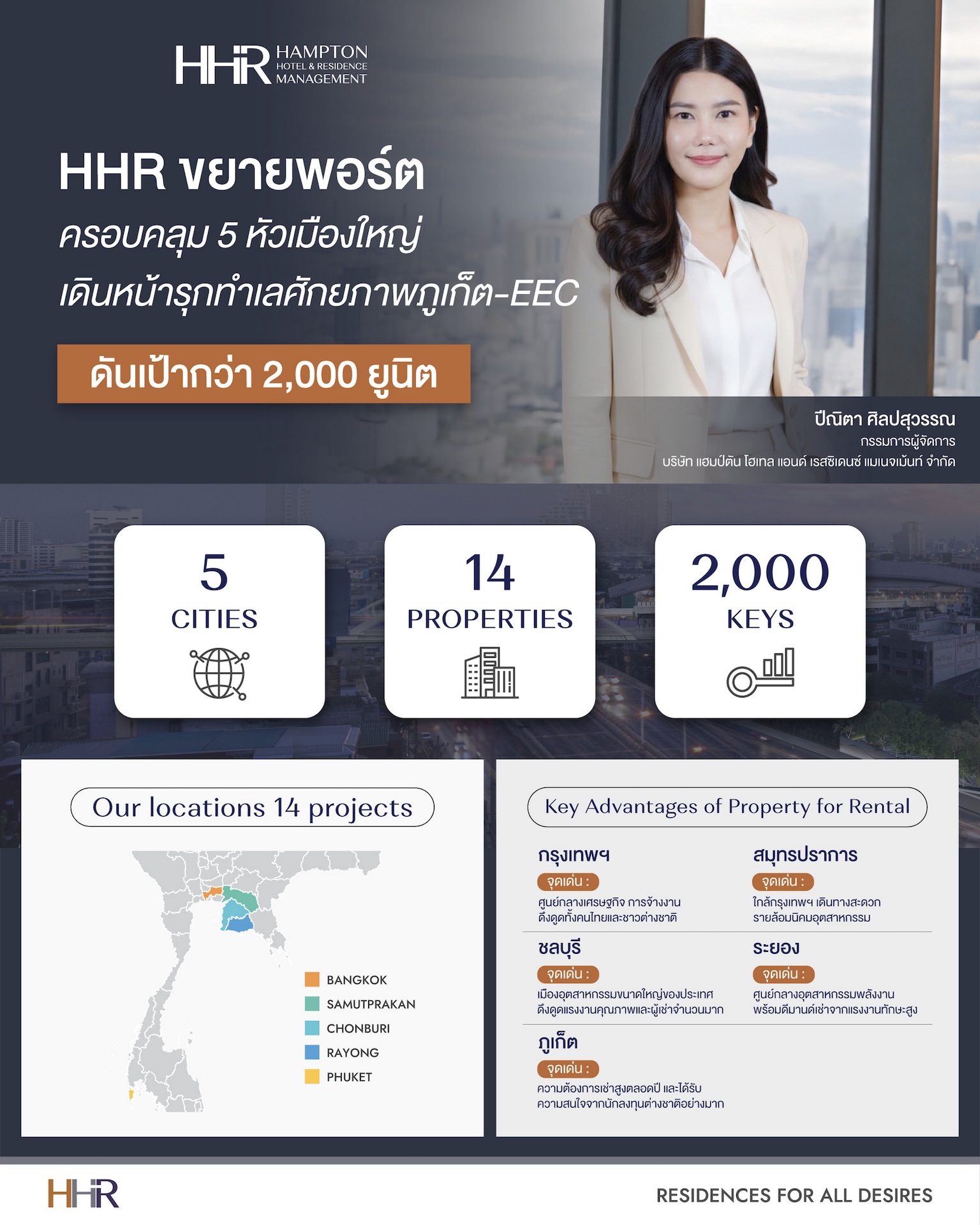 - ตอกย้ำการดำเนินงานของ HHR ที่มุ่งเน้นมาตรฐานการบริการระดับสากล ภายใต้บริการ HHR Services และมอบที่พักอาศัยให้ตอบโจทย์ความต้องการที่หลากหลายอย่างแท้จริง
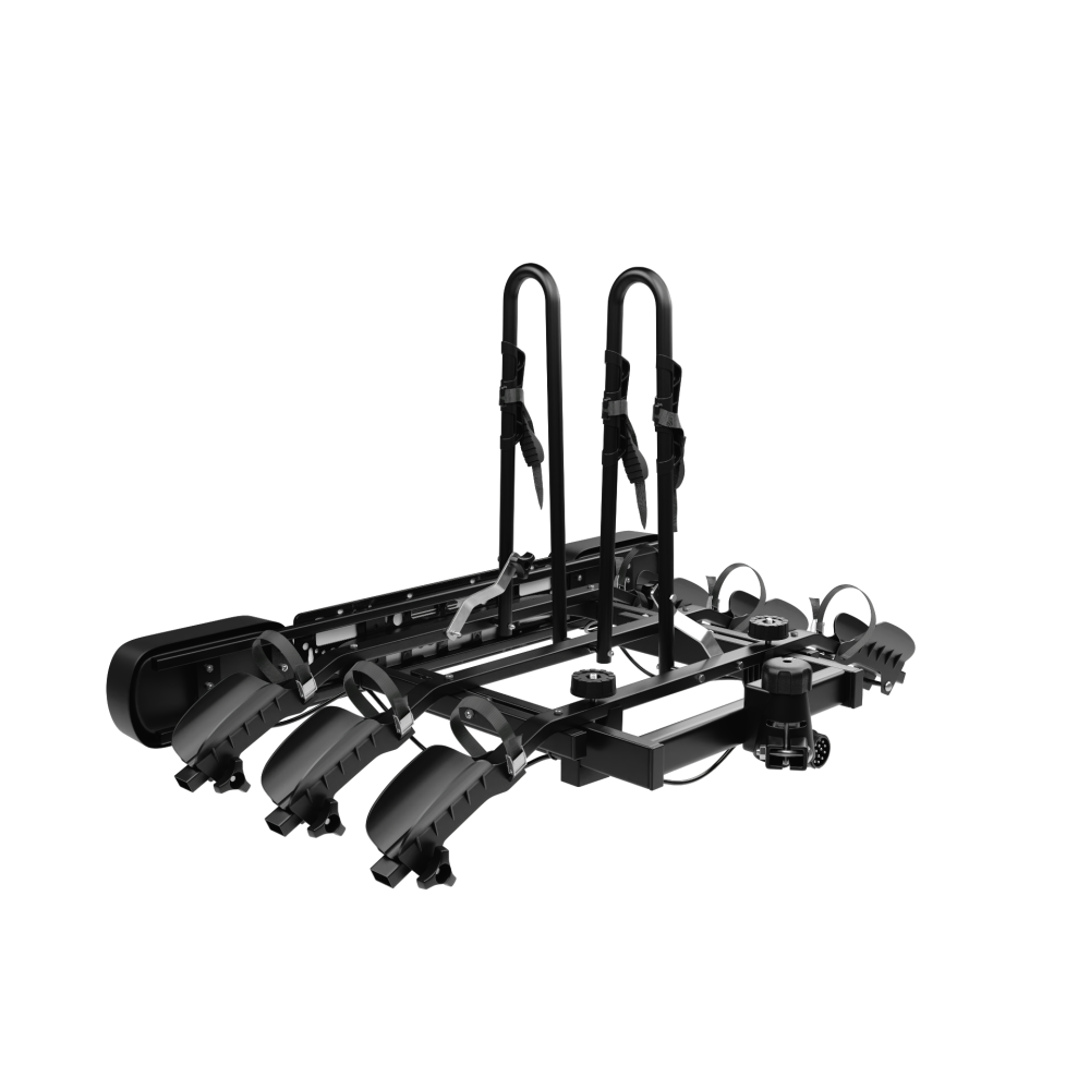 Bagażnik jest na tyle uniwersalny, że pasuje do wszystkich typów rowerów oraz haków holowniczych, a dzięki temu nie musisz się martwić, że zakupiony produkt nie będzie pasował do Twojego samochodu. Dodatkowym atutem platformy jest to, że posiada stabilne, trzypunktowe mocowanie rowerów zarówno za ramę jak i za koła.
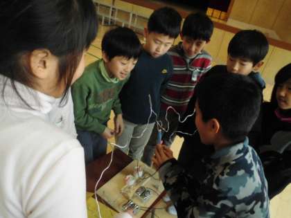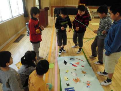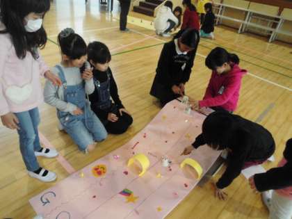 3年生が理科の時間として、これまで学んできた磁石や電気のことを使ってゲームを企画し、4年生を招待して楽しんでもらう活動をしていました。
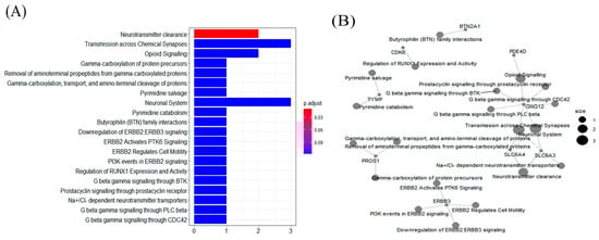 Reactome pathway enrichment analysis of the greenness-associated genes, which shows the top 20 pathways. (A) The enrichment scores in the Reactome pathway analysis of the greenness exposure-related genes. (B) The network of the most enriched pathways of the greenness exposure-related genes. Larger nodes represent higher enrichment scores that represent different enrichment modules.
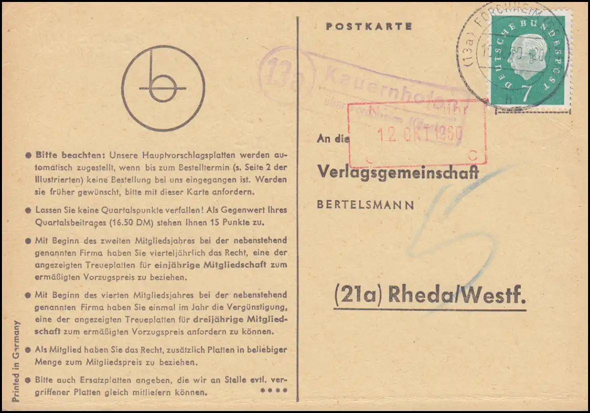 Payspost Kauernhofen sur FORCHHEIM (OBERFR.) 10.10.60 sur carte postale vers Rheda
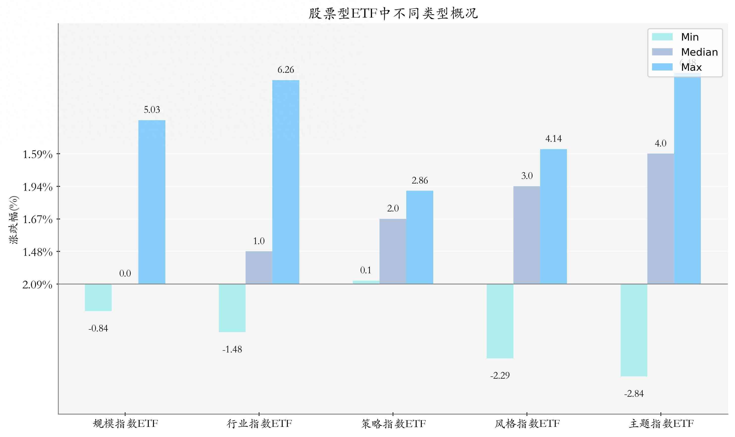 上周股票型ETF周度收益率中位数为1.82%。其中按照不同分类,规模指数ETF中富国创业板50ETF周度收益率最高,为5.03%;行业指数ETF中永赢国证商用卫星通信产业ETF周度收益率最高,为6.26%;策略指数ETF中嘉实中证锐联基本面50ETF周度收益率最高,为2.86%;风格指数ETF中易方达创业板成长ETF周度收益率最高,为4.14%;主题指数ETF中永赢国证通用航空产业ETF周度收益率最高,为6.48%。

========

Leave the pictures out and transcribe the remaining material exactly.

 - ตอกย้ำการดำเนินงานของ HHR ที่มุ่งเน้นมาตรฐานการบริการระดับสากล ภายใต้บริการ HHR Services และมอบที่พักอาศัยให้ตอบโจทย์ความต้องการที่หลากหลายอย่างแท้จริง
 Bagażnik jest na tyle uniwersalny, że pasuje do wszystkich typów rowerów oraz haków holowniczych, a dzięki temu nie musisz się martwić, że zakupiony produkt nie będzie pasował do Twojego samochodu. Dodatkowym atutem platformy jest to, że posiada stabilne, trzypunktowe mocowanie rowerów zarówno za ramę jak i za koła.
 3年生が理科の時間として、これまで学んできた磁石や電気のことを使ってゲームを企画し、4年生を招待して楽しんでもらう活動をしていました。
 Reactome pathway enrichment analysis of the greenness-associated genes, which shows the top 20 pathways. (A) The enrichment scores in the Reactome pathway analysis of the greenness exposure-related genes. (B) The network of the most enriched pathways of the greenness exposure-related genes. Larger nodes represent higher enrichment scores that represent different enrichment modules.
 Payspost Kauernhofen sur FORCHHEIM (OBERFR.) 10.10.60 sur carte postale vers Rheda
 上周股票型ETF周度收益率中位数为1.82%。其中按照不同分类,规模指数ETF中富国创业板50ETF周度收益率最高,为5.03%;行业指数ETF中永赢国证商用卫星通信产业ETF周度收益率最高,为6.26%;策略指数ETF中嘉实中证锐联基本面50ETF周度收益率最高,为2.86%;风格指数ETF中易方达创业板成长ETF周度收益率最高,为4.14%;主题指数ETF中永赢国证通用航空产业ETF周度收益率最高,为6.48%。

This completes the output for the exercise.